To create a new document, create an instance of CreateDocumentOptions and call DocumentFactory.Create. This method will return a new empty non-read-only Document object. The Document.Pages collection is empty and the value of Document.IsReadOnly is false.
Assume that virtualDocument
is the Document object created above and sourceDocument1
is a
Document obtained through DocumentFactory.LoadFromUri on a multi-page PDF file.
To add the first and second pages (page index 0 and 1), simply call
virtualDocument.Pages.AddPage(sourceDocument1.Pages[0])

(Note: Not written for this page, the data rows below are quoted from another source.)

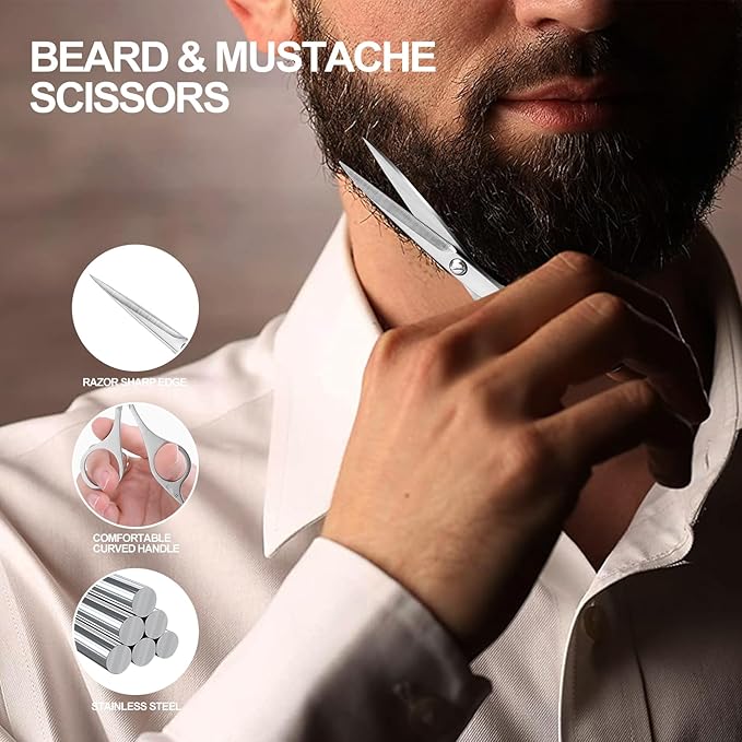 - [Sharp Detail Scissors] : With slender blades, it is easy to trim in narrow areas. The sharp blades can cut hair in an instant, making it very suitable for trimming eyebrows, eyelashes, beards, ear/nose hair, facial hair, and personal care. Be careful not to scratch your skin when using. Please keep it out of the reach of children to avoid sharp injuries.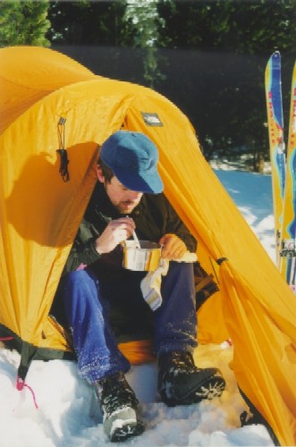 Horní část za moc nestojí, sněhu málo a je trošku těžší od sluníčka (jo být tu tak o pár hodin dříve) a občas si i skluznice odnese podpis tatranské žuly. Spodní partie kotle je ovšem fantastická a tak volíme sjezd až do Kriváňského žlabu a následně po zelené až ke Třem Studničkám a odtud po magistrále zpět do BC. Konečně ve stanu, značně zničení po dnešních 8 hodinách v pohybu a nestoupaných 1800m.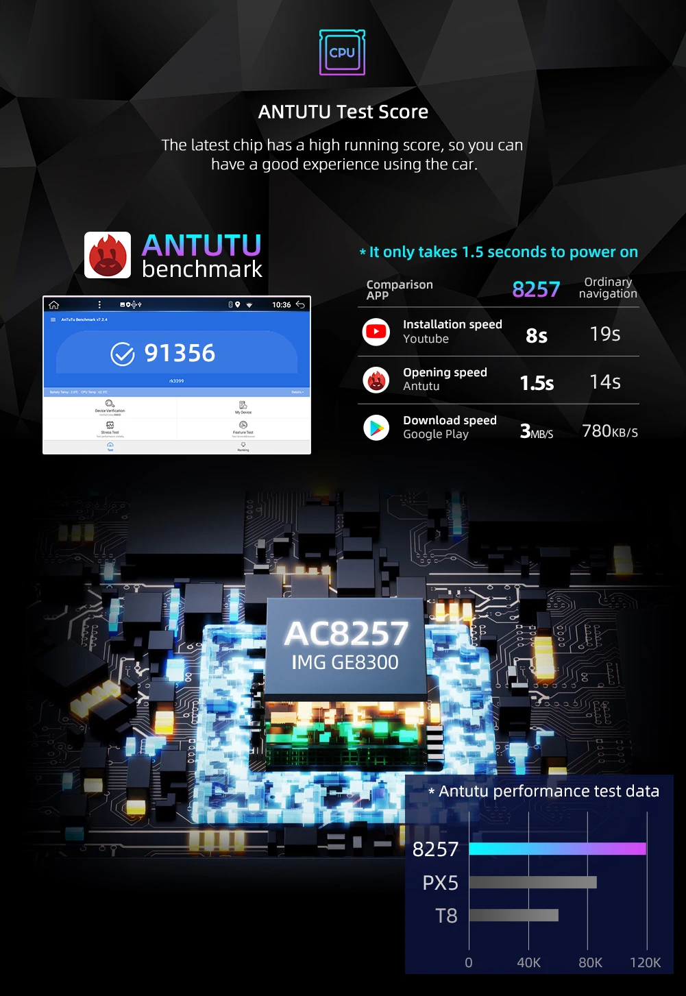▲-На базе Android 10.0 операционная система-AC8257 A35 /Octa Core /4 ГБ ОЗУ/64 Гб ПЗУ-Бесплатная камера заднего вида-Максимальная емкость, не более «недостаток» в памяти, делает обработку данных более эффективной, в то время как режим ускорения оптимизирован быстро и плавно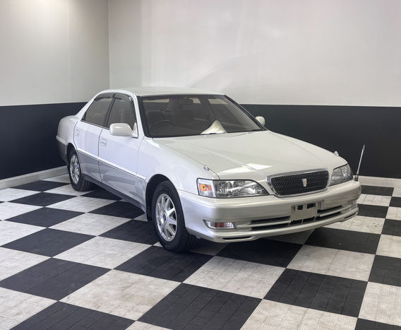 This 2000 Toyota Corona Cresta is fitted with a 1G-FE I6 engine backed by a 4-speed automatic transmission. The exterior features two-toned paint with white and silver as well as a bumper mounted parking pole. The interior features all factory equipment including factory Toyota head unit, A/C, as well as grey cloth seats.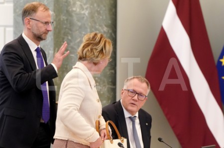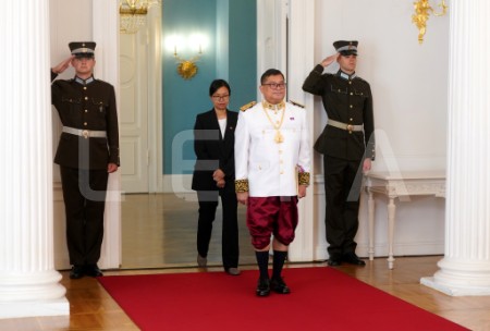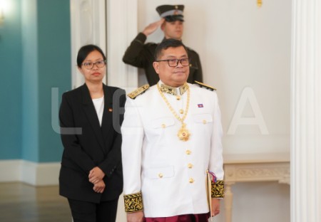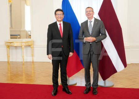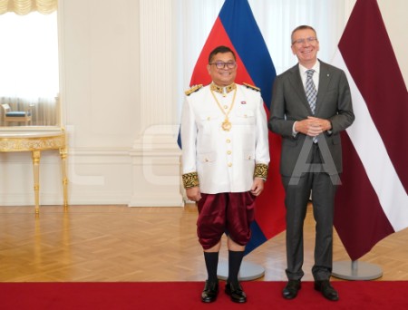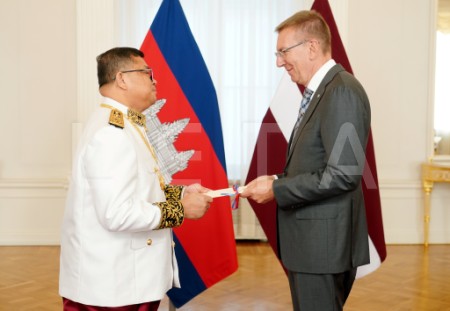 Kambodžas vēstnieks Latvijā Ķea Ķanboribo (priekšplānā) akreditācijas ...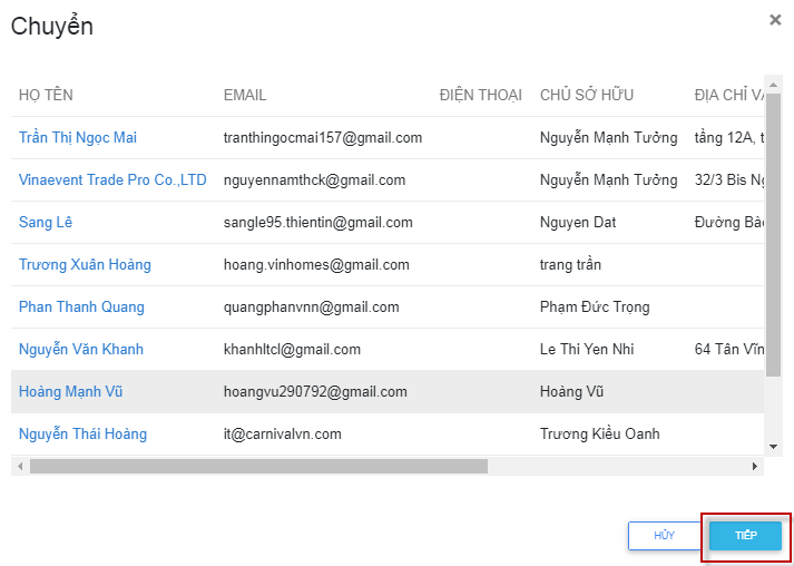 Bước 2: Hiển thị lên danh sách khách hàng đã chọn -> Nhấn nút Tiếp

and virtualDocument.Pages.AddPage(sourceDocument1.Pages[1])
.
Now the value of virtualDocument.Pages
will contain two items.
Internally, the DocumentPage reference is shared between the two documents and no data is
copied. The value of DocumentPage.Document will still point to its original owner
document (sourceDocuement1
). This means that sourceDocument1
must stay alive as long as virtualDocument
is
alive. If you examine the virtualDocument.Documents
collection then you will find it has now one item:
sourceDocument1
. Any changes made to the source page in the original document is reflected in the virtual document
right away.
The DocumentPages collection derives from LeadCollection and
allows you to not just add, but remove, replace and re-order pages. If you call virtualDocument.Pages.Clear
, the
collection is now empty, and if you examine the virtualDocument.Documents
collection it will be empty as well. There
is no link anymore between the two documents and sourceDocument1
can be disposed of if needed.
Document.Documents is a read-only collection, meaning you cannot add or remove items
from it directly. The items (of type Document) are added and removed depending on which pages are
added or removed. For instance, if two pages are added from the same source document, the Documents collection
contains only one item since both pages are from the same document. Now suppose you load a multi-page TIFF file into
sourceDocument2
and add a page from this document into virtualDocument
(while it still contains the two pages
from sourceDocument1
). The Documents collection will now contain two items: sourceDocument1
and sourceDocument2
.
You can also add empty pages to a virtual document using Document.Pages.CreatePage
with the desired size and adding this page into virtualDocument.Pages
collection. The value of
DocumentPage.Document will be virtualDocument
in this case since this is the
original owner document.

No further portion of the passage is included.